What the exercise asks:
Would you please output, word for word, the span of the listing below that opens on the line containing "The right lane" and closes on the line containing "Sweater Oversize Wanita"? Include both ends and nothing more.

Supplied material:
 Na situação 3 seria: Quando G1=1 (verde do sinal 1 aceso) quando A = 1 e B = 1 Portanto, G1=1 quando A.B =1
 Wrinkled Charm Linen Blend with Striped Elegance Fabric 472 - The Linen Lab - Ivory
--
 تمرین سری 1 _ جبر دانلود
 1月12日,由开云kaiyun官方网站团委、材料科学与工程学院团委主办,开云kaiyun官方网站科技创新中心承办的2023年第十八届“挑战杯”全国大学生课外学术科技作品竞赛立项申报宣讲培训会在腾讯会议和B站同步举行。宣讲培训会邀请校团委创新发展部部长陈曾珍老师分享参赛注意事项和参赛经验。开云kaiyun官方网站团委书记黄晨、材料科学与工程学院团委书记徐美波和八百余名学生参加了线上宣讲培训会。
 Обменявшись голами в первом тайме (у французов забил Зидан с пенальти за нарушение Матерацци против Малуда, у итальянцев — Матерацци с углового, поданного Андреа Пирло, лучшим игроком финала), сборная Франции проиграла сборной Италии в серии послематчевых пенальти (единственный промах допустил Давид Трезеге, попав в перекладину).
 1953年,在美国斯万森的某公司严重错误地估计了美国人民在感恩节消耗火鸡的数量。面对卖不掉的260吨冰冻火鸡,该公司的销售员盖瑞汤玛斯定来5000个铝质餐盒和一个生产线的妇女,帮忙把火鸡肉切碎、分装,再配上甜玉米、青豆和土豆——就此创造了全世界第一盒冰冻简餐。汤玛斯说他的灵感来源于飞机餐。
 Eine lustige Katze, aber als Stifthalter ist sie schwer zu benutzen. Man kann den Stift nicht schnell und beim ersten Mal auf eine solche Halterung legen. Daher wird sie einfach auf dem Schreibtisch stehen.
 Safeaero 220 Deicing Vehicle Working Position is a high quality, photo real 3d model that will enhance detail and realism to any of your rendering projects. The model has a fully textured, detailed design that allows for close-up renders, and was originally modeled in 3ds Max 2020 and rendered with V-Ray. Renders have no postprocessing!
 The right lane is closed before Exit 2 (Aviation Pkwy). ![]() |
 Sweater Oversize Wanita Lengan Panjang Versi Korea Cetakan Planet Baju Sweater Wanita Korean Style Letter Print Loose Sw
--
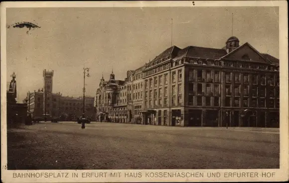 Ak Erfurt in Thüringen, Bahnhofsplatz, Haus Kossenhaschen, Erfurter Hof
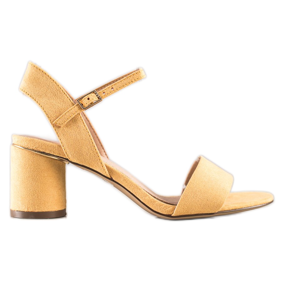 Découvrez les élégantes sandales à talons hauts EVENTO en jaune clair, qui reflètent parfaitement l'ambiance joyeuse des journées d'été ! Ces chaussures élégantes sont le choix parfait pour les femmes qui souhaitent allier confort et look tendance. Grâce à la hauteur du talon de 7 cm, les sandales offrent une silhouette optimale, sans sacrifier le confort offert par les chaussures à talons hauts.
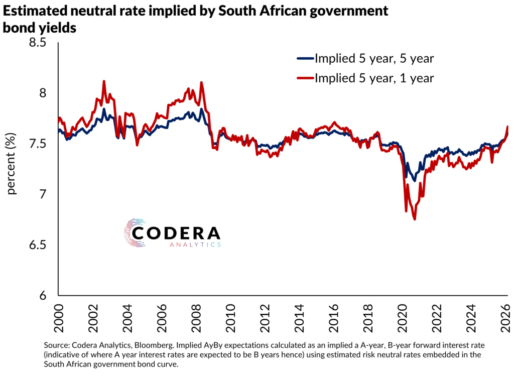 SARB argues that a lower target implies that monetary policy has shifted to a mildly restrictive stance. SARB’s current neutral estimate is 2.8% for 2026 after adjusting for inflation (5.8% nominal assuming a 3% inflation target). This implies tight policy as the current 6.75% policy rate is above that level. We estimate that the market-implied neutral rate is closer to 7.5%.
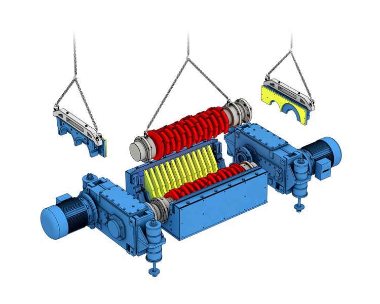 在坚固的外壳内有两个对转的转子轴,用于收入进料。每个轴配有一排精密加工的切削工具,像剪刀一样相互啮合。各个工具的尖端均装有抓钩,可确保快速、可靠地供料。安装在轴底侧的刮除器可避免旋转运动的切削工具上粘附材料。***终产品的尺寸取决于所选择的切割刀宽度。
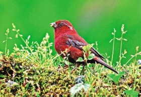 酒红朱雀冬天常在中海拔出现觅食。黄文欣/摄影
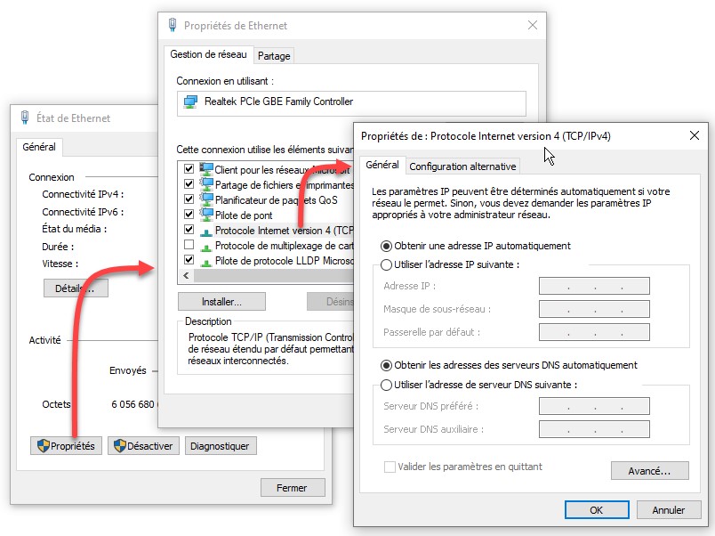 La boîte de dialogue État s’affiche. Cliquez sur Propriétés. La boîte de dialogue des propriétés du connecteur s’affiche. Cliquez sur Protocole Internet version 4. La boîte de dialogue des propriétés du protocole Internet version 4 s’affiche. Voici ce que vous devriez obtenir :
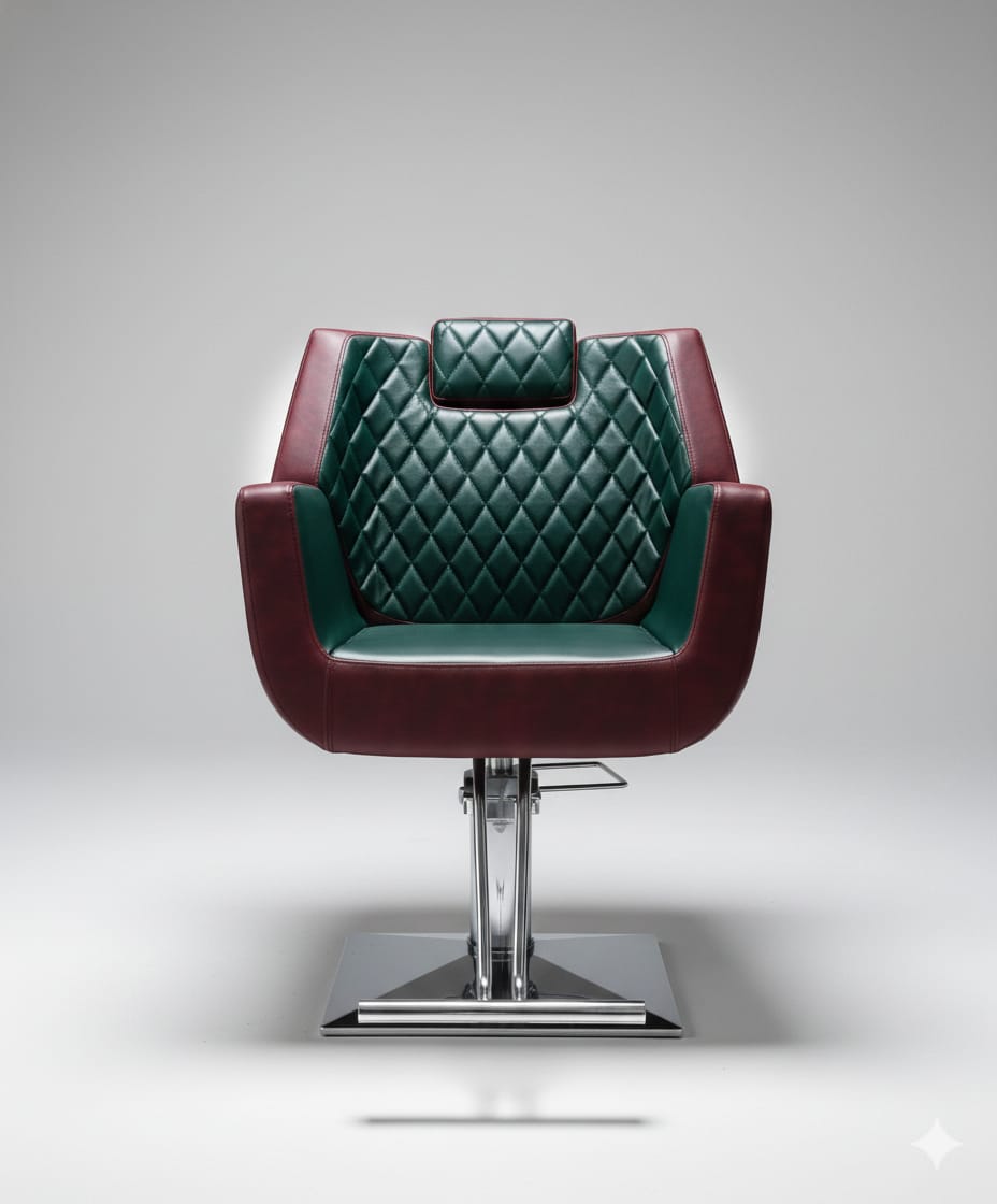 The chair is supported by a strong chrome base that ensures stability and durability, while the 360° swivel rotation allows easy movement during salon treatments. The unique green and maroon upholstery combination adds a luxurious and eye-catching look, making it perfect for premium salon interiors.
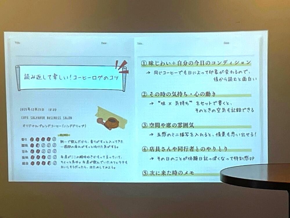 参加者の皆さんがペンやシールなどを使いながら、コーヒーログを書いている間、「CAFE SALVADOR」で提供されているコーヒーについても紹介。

Answer to the exercise:
 The right lane is closed before Exit 2 (Aviation Pkwy). ![]() |
 Sweater Oversize Wanita Lengan Panjang Versi Korea Cetakan Planet Baju Sweater Wanita Korean Style Letter Print Loose Sw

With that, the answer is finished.